Christopher Crawford
- Full name: Christopher Lee Crawford
- Country (sports): United States
- Born: July 31, 1939 Chicago, Illinois
- Died: November 15, 2012 (aged 73) San Antonio, Texas

Singles

Grand Slam singles results
- Australian Open: 3R (1959)
- Wimbledon: 4R (1961)
- US Open: 4R (1958, 1961)

= Christopher Crawford (tennis) =

American tennis player

Christopher Lee Crawford (31 July 1939 – 15 November 2012) was an American tennis player.

Chicago-born Crawford grew up in Piedmont, California, attending Piedmont High School and Menlo College.
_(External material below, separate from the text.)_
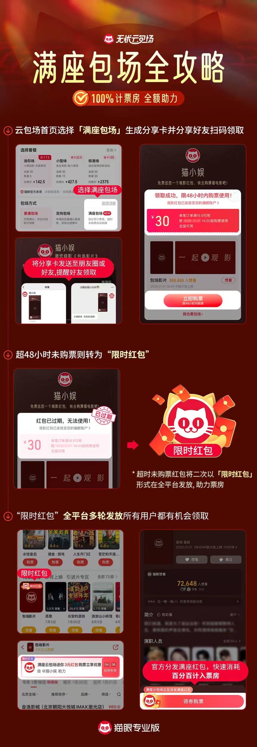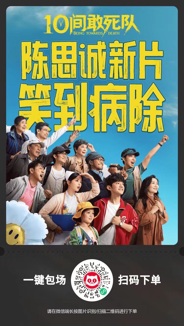 电影10间敢死队预售开启 《10间敢死队》正在火热预售中!管它生活怎么“寻死觅活”的,10号房全员拒绝等待,即刻出发!电影已官宣4月25日-26日北京、长沙、长春、哈尔滨、济南、青岛、沈阳、石家庄、深圳、天津、武汉、西安12城限时点映,将于5月1日全国上映。据猫眼专业版数据,该电影猫眼想看已超1.8万人。工作日余额不足,假期首选喜剧近在眼前,即刻购票锁定能量加满的治愈力,五一影院见!🔽《10间敢死队》云包场攻略🔽轻松下单❤️一键搞定未领未购🧧无忧退款请客看电影🎬就用猫眼云包场~猫眼云包场
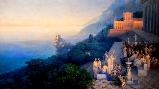 Немногие знают прекрасное полотно маэстро Ивана Константиновича Айвазовского «Встреча Венеры на Олимпе», написанное в 1895 году. Картина размером 213х320 см экспонируется в Феодосийской картинной галерее. На вершине Олимпа, скрытой от простых смертных пеленой тумана, собрались боги. Среди них сразу выделяется фигура громовержца Зевса, перед ним изображен могучий орел – символ главного античного бога. Рядом с Зевсом расположилась прекрасная и жестокая Гера, его супруга, покровительница семьи и брака...

An Orange Bowl champion in 1957, Crawford earned his first selection to the U.S. Davis Cup squad the following year, but didn't play in the team until a 1961 tie against the Caribbean In what would be his only Davis Cup appearance, he won both of his singles rubbers in straight sets. In 1961 he also had a notable performance at the Wimbledon Championships, where he beat the third-seeded Nicola Pietrangeli to make the round of 16.

Crawford, who played collegiate tennis for the University of Corpus Christi, is a member of the Texas Tennis Hall of Fame. He was living in Texas when he died of prostate cancer in 2012 at the age of 73.